There are three layers:

1. Raw sources

raw/ holds immutable inputs: papers, clipped articles, benchmark pages, interview transcripts, project notes, figures, and datasets metadata. The LLM reads from these files but should never rewrite them.

2. The wiki

wiki/ holds LLM-maintained markdown pages. These are the actual knowledge base: overviews, concept pages, comparisons, taxonomies, source summaries, synthesis pages, and query outputs worth keeping.

3. The schema

AGENTS.md tells the LLM how to behave as the wiki maintainer: directory conventions, page templates, citation rules, ingest workflow, query workflow, and lint expectations. This file is the control surface for the system.

Operations

Ingest

One source at a time is usually best for this domain. A typical ingest pass:

  1. Read the raw source.
  2. Write or update a source-summary page in wiki/sources/.
  3. Update the relevant concept pages.
  4. Update one or more comparison or synthesis pages if the source changes a broader thesis.
  5. Update index.md.
  6. Append a concise entry to log.md.

Query

The LLM answers questions primarily from the wiki rather than directly from the raw corpus. If the answer reveals a durable comparison, new taxonomy, benchmark note, or synthesis, it should be written back into the wiki as a first-class page.

Lint

Periodic maintenance should look for:

  • stale benchmark claims,
  • modular/e2e terminology drift,
  • orphan pages,
  • missing backlinks,
  • concepts that appear in many pages but do not yet have their own canonical page,
  • places where a web search or new paper would materially improve the wiki.

Indexing and logging

Two files are special:

  • index.md is the content catalog. It is the first file the LLM should read when orienting itself.
  • log.md is the chronological history of ingests, syntheses, and maintenance passes.

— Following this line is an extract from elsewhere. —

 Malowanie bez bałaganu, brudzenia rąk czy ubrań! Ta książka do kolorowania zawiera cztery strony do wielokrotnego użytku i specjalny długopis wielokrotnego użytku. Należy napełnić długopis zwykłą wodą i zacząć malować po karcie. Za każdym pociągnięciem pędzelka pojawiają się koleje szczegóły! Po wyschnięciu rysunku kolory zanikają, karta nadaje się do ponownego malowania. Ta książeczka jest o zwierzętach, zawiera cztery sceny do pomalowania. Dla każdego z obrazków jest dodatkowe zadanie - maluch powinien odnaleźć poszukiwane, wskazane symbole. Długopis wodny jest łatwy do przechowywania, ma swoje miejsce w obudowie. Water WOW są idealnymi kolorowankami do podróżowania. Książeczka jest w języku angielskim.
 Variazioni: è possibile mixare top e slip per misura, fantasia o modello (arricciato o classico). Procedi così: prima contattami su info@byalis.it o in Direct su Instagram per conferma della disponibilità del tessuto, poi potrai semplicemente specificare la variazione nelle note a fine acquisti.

This gives the system a lightweight navigation layer before any custom retrieval tooling is needed.

Initial source program

The starting corpus in this scaffold focuses on six acquisition lanes:

  1. Ilya's recommended or "top papers" reading list.
  2. Seminal autonomous driving papers with durable impact in perception, prediction, and planning.
  3. Vision-language and vision-language-action papers relevant to autonomous driving.
  4. Seminal LLM and foundation-model papers that inform modern e2e stacks.
  5. High-signal robotics VLA papers that transfer into driving.
  6. Benchmark and system papers that expose real deployment constraints.

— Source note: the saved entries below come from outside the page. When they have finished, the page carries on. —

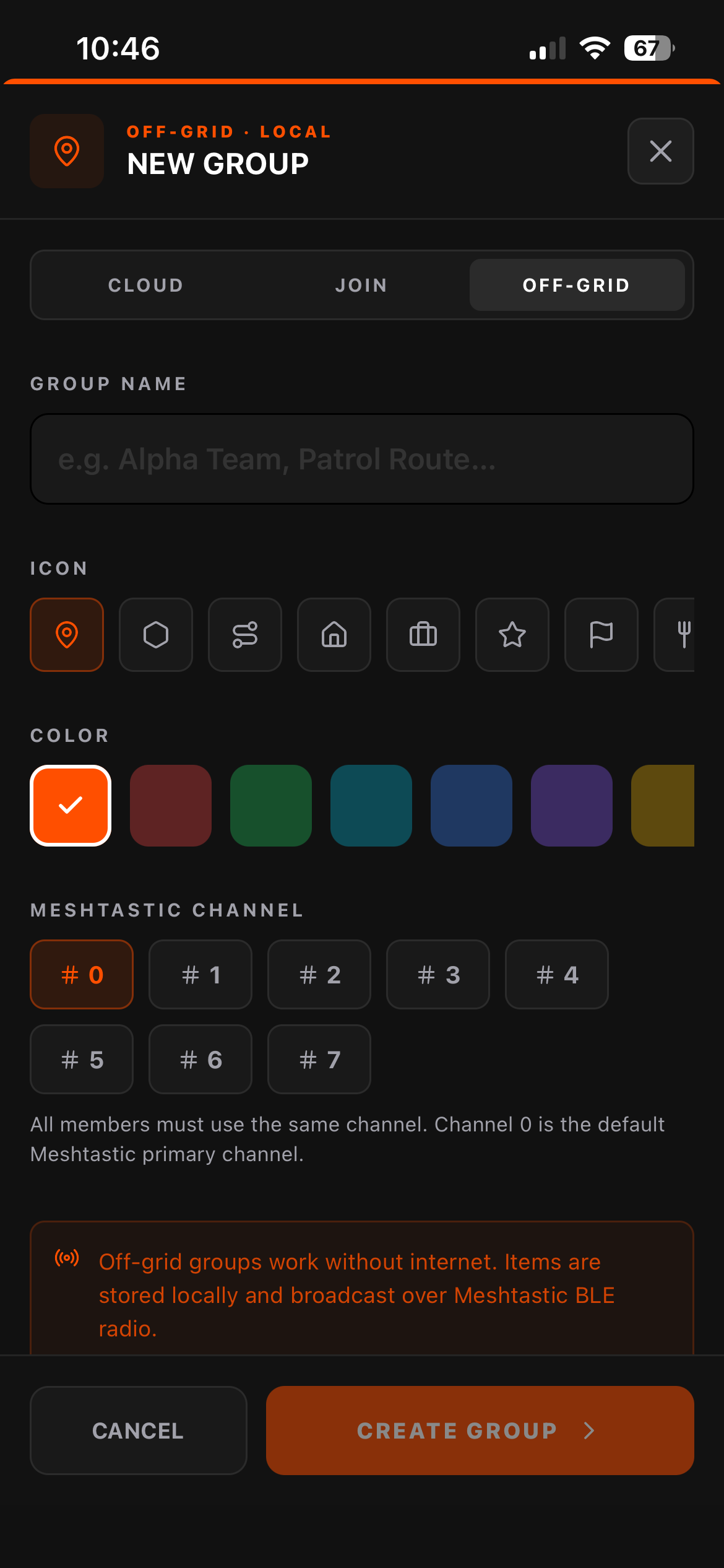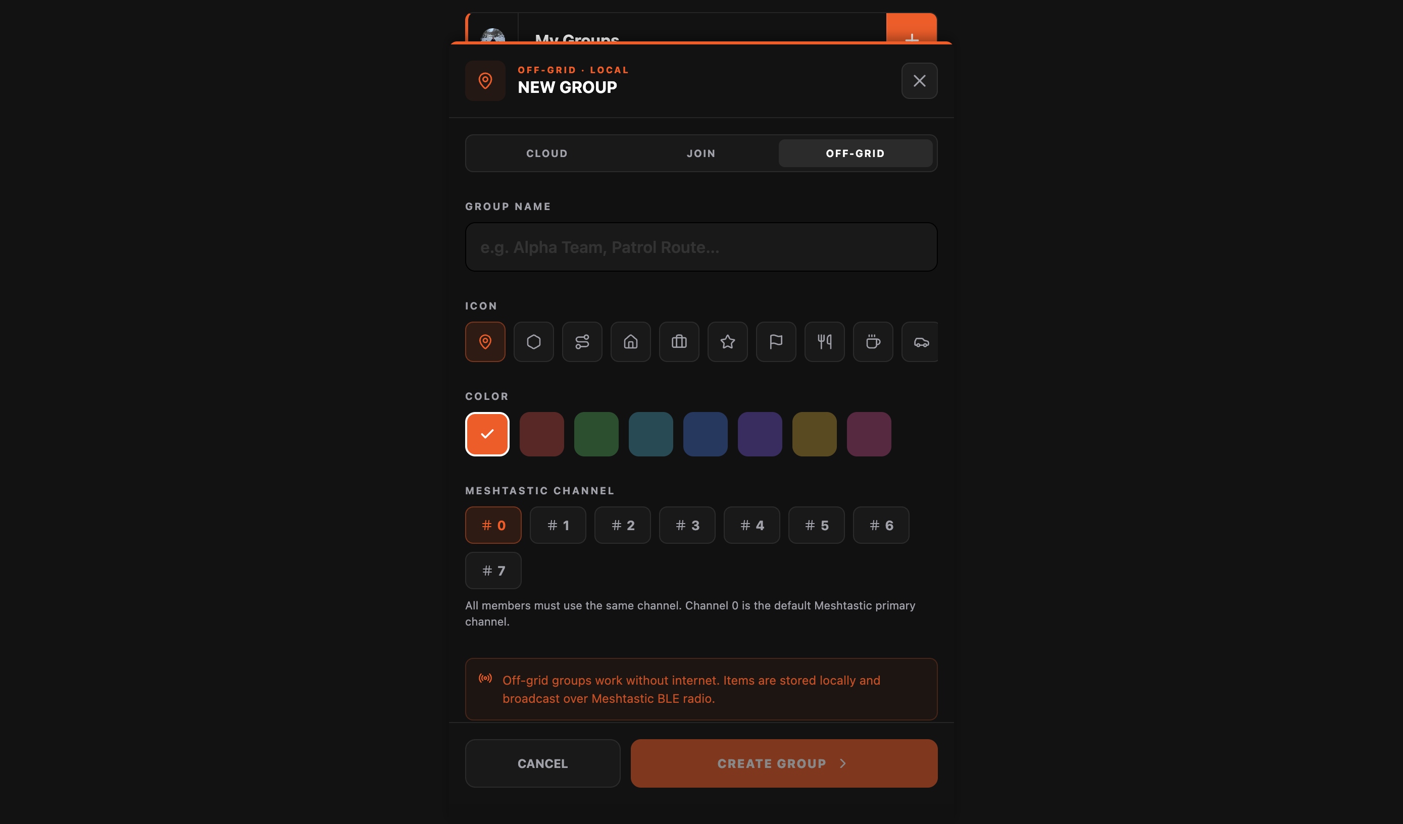 2. Sign up and create a group Hit the + button on the My Groups screen. Choose Off Grid group creation. Give your group a name, color, icon and select a default channel. For now we will keep it 0 (public).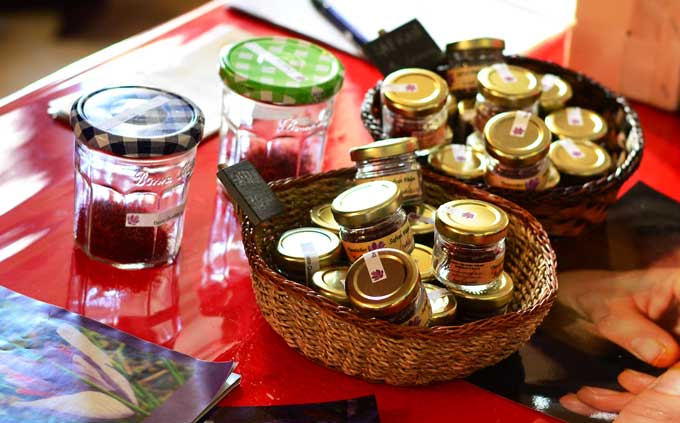 Wie wir im Gespräch erfuhren haben Christina & Jean Frédéric Waldmeyer in Feuchtwangen eine kleine Safranproduktion gestartet und beginnen nun allmählich diese kostbare Gewürz zu vermarkten. Der sympathische Herr Waldmeyer erklärte (und das wußte ich noch nicht), dass Safran etwas reifen muss und nach 2 bis 3 Jahren nach der Ernte am besten schmeckt. Wir konnten uns bei einer Geruchsprobe davon überzeugen. Ganz toll, dass man in der Region nun so ein außergewöhnliches Produkt bekommt!
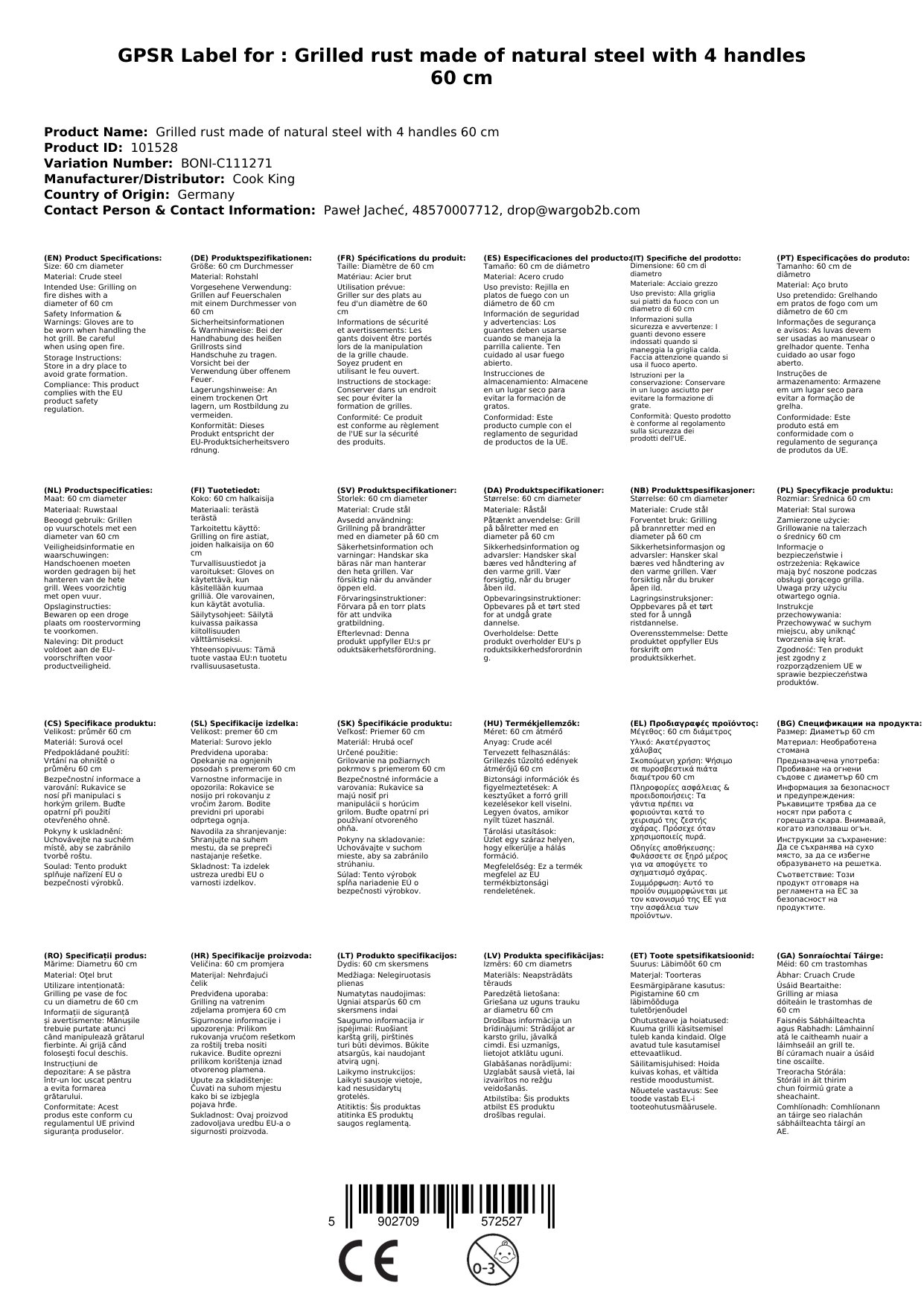 Tá an Gríl Cruach seo deartha go speisialta le haghaidh babhlaí tine le trastomhas 60 cm. Tabhair faoi deara é seo agus tú á úsáid.

The repo already includes queue pages for these lanes in wiki/sources/.

Frontend

This repo includes a lightweight Flask app for local browsing and Railway deployment. The goal is not to replace Obsidian as an editing environment; it is to provide a clean hosted viewer for reading, linking, search, and sharing.

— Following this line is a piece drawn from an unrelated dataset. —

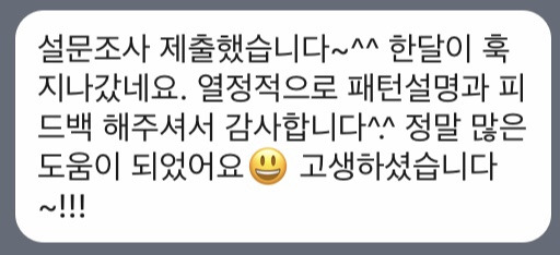 질문은 언제든 편하게 하시라고 말씀드렸지만 단톡방에서 많은 대화가 이루어지지는 않았다. 무엇을 질문해야 할지 막연했을 수도 있고, 너무 바빠서 대화할 시간이 없었을 수도 있다.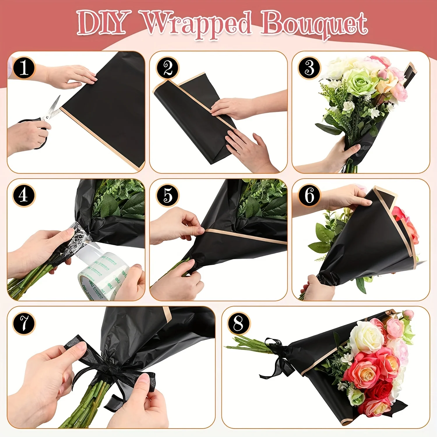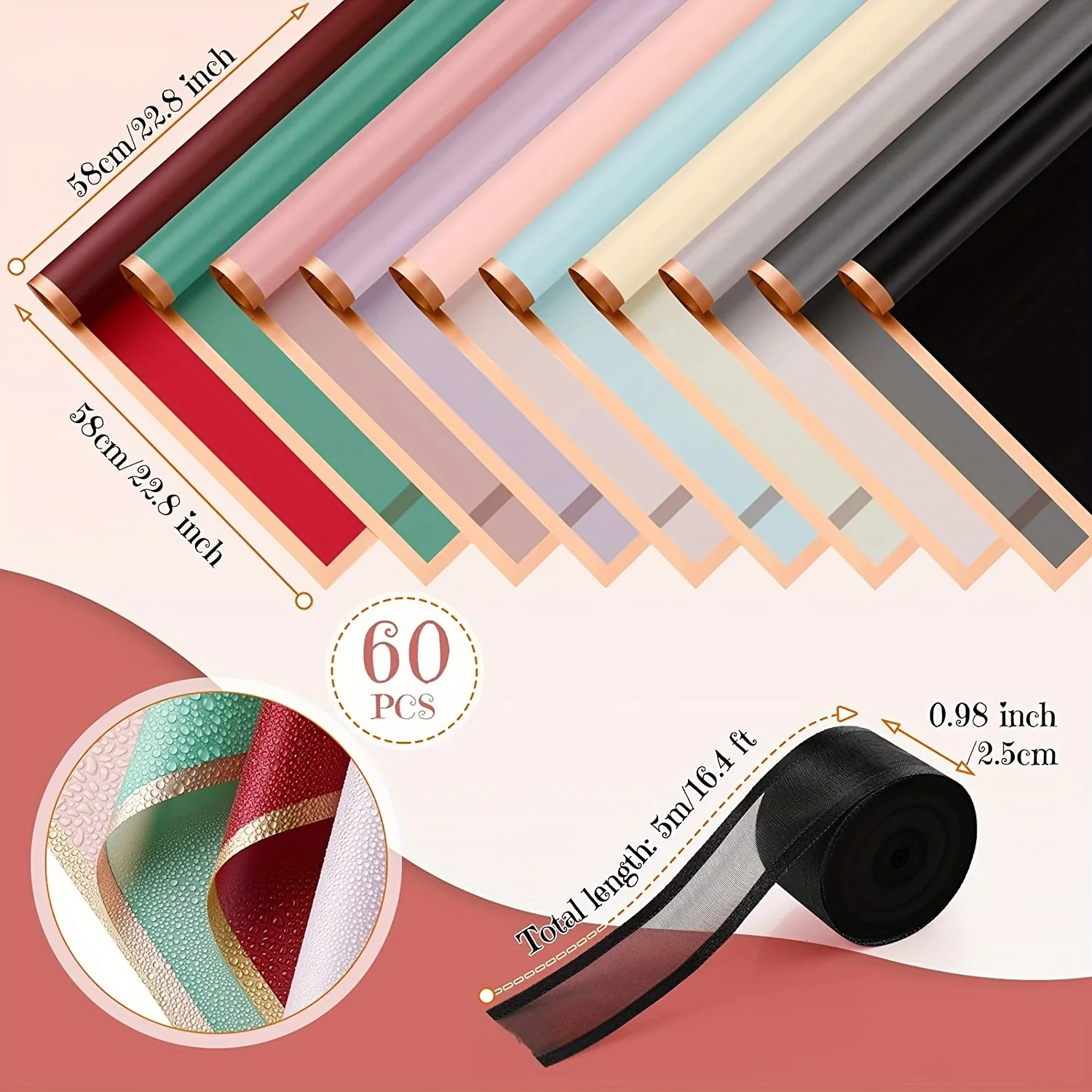60 PCS Solid Color Border Flower Wrapping Paper, Waterproof Translucent Bouquet Wrapping Paper, Wedding Handmade Gift Bouquet

Obsidian is still the best local IDE for the wiki itself. For hosting, the best option depends on priorities:

  • if you want a static, Obsidian-native digital garden, Quartz is usually the cleanest fit;
  • if you want managed publishing with minimal ops, Obsidian Publish is the simplest but not Railway-native;
  • if you want a custom app layer and future authenticated workflows, the Flask app in this repo is the most extensible starting point.

Run locally

python3 -m venv .venv
.venv/bin/pip install -r requirements.txt
.venv/bin/python app.py

Then open http://127.0.0.1:8080.

Deploy to Railway

This repo is prepared for Railway with:

  • requirements.txt
  • Procfile
  • runtime.txt

The default process is gunicorn app:app --bind 0.0.0.0:${PORT:-8080}.

Note

This scaffold is intentionally opinionated but incomplete. It gives the wiki a strong initial shape and enough infrastructure to start ingesting papers immediately. The correct next step is to use the repo with an LLM agent, ingest sources incrementally, and let the structure co-evolve with the research program.